**Problem statement**
Using the records below, write out only the lines from the line containing "モデルの道具の女性の半身の人" up to and including the line containing "On Facebook, Sinema’s", exactly, with no pictures.

**Given data**
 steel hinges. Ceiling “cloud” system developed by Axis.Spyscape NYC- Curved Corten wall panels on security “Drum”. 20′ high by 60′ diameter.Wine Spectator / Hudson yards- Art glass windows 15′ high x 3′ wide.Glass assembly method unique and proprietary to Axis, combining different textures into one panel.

--

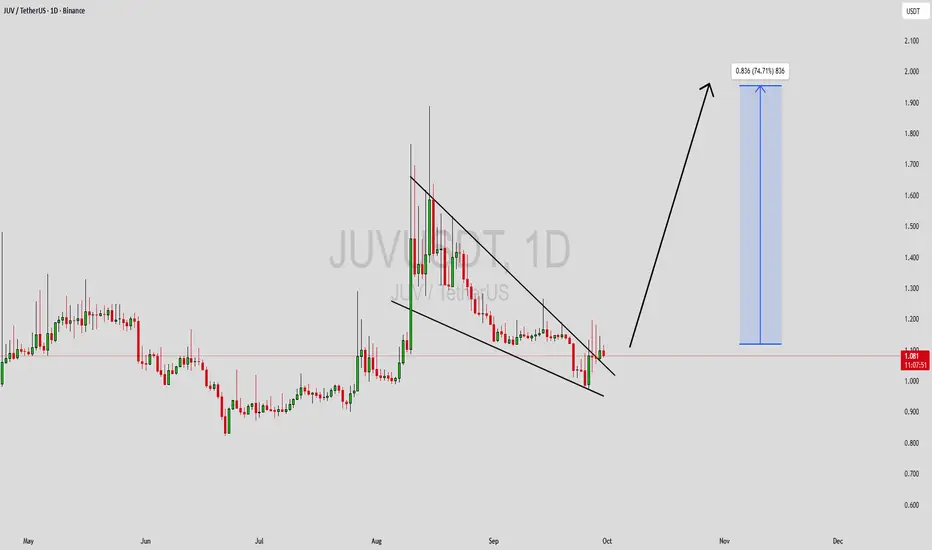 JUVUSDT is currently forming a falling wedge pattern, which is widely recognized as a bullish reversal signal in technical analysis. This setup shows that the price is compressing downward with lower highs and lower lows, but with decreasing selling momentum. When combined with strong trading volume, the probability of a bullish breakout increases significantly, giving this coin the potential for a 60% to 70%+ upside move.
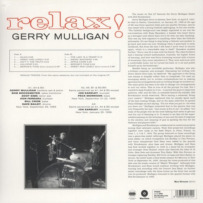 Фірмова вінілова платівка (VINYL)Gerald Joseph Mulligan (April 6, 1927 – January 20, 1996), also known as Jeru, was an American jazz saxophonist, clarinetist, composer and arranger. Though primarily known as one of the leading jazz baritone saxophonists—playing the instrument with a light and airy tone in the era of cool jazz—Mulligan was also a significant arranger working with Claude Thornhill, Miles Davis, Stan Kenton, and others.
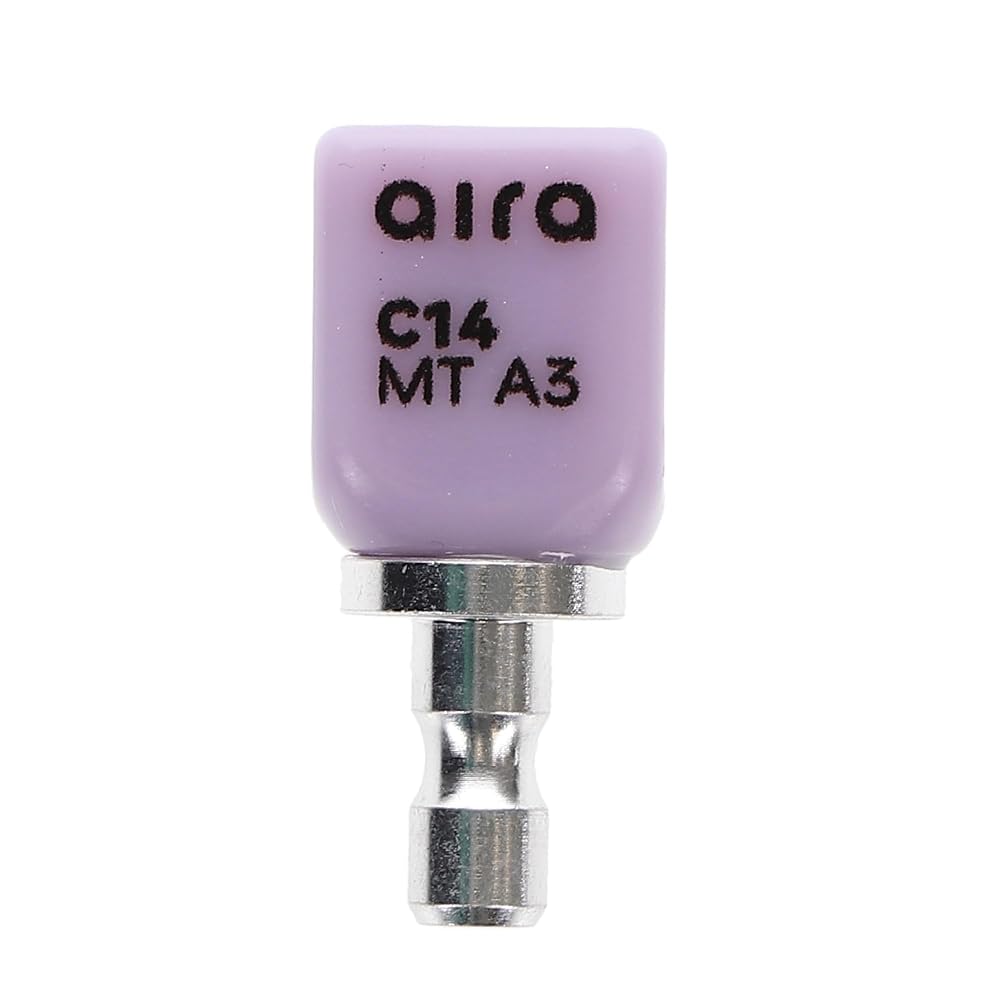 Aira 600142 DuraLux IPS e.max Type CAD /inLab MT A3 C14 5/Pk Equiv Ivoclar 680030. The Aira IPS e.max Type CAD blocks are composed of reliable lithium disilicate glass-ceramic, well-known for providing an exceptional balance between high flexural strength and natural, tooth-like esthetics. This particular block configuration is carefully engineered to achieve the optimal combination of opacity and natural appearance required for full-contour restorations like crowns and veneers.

--

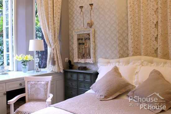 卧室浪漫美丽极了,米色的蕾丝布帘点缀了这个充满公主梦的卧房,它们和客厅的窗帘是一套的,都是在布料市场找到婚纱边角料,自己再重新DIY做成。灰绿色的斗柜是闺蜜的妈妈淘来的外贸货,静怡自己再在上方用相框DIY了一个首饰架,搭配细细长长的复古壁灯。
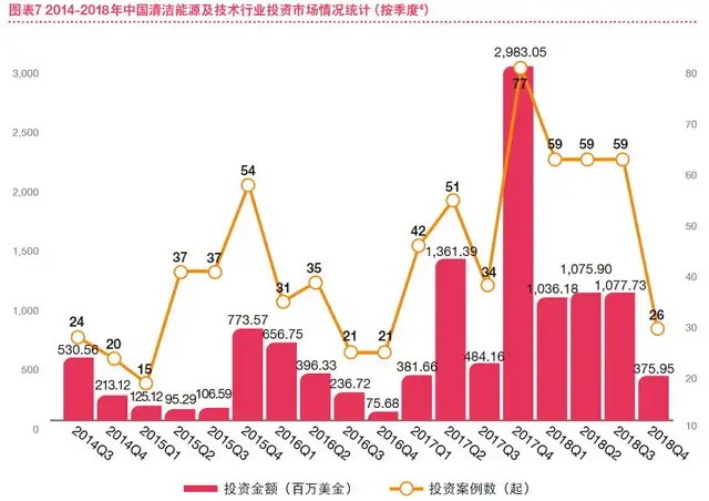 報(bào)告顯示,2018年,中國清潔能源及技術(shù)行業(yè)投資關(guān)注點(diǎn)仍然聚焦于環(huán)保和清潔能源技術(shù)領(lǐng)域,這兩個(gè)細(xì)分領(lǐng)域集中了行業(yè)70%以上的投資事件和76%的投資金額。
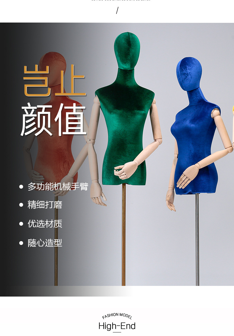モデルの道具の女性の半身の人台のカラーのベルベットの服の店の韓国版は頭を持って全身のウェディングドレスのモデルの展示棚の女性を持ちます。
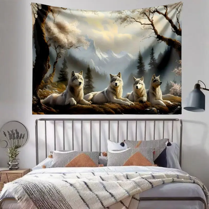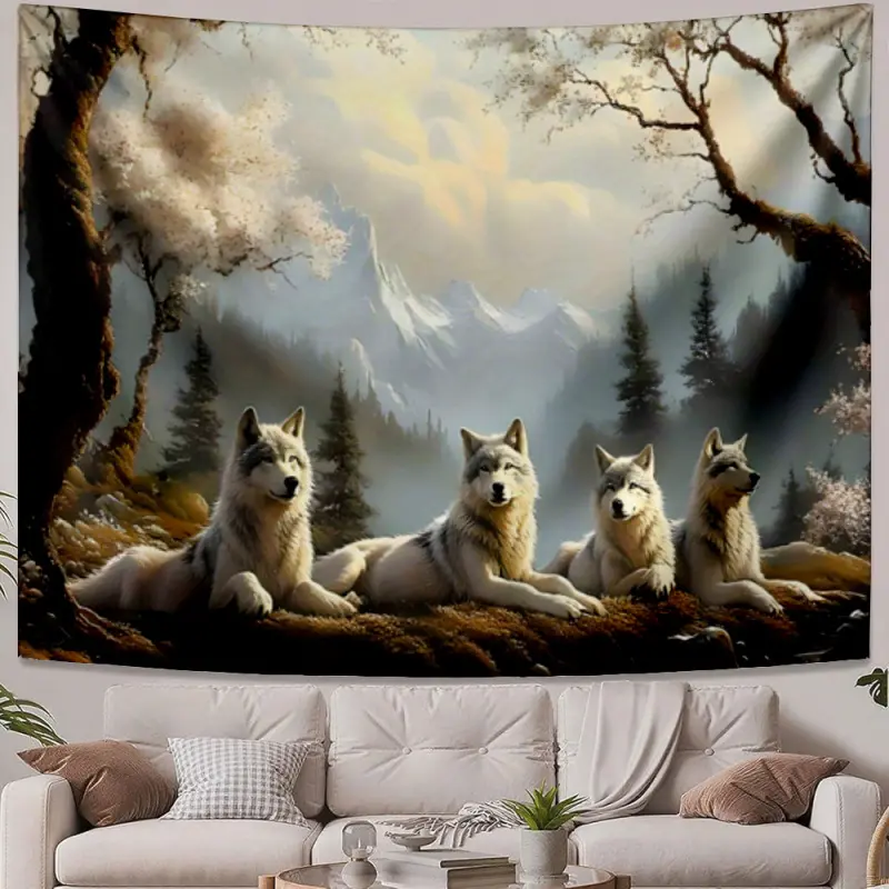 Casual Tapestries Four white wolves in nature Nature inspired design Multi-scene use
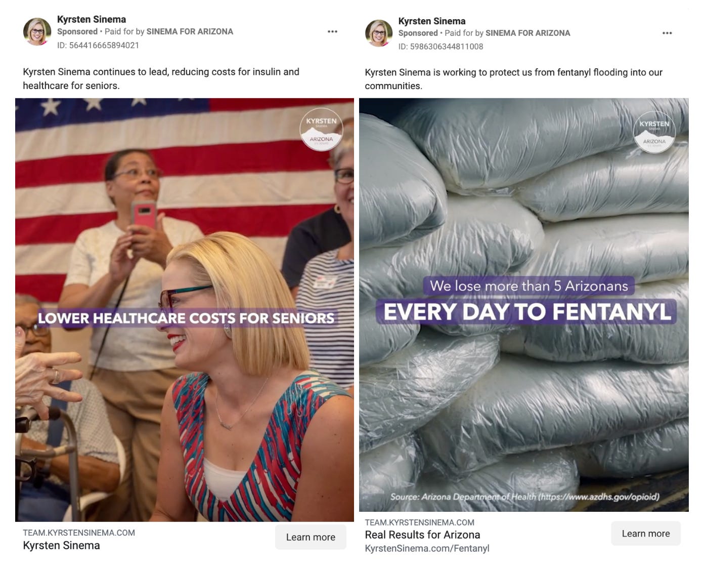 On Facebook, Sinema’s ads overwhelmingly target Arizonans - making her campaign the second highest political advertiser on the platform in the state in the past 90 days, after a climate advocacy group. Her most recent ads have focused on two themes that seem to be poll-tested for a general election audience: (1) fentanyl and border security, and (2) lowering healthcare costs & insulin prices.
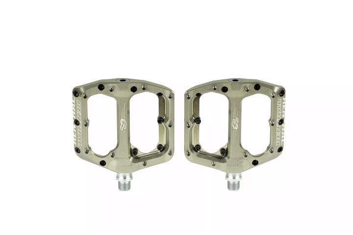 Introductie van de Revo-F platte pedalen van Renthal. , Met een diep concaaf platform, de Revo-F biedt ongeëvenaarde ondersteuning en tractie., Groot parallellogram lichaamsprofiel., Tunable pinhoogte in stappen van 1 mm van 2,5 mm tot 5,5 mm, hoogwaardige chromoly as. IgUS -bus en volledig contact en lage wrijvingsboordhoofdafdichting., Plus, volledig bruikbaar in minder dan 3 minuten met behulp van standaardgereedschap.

**Answer space**
モデルの道具の女性の半身の人台のカラーのベルベットの服の店の韓国版は頭を持って全身のウェディングドレスのモデルの展示棚の女性を持ちます。
 Casual Tapestries Four white wolves in nature Nature inspired design Multi-scene use
 On Facebook, Sinema’s ads overwhelmingly target Arizonans - making her campaign the second highest political advertiser on the platform in the state in the past 90 days, after a climate advocacy group. Her most recent ads have focused on two themes that seem to be poll-tested for a general election audience: (1) fentanyl and border security, and (2) lowering healthcare costs & insulin prices.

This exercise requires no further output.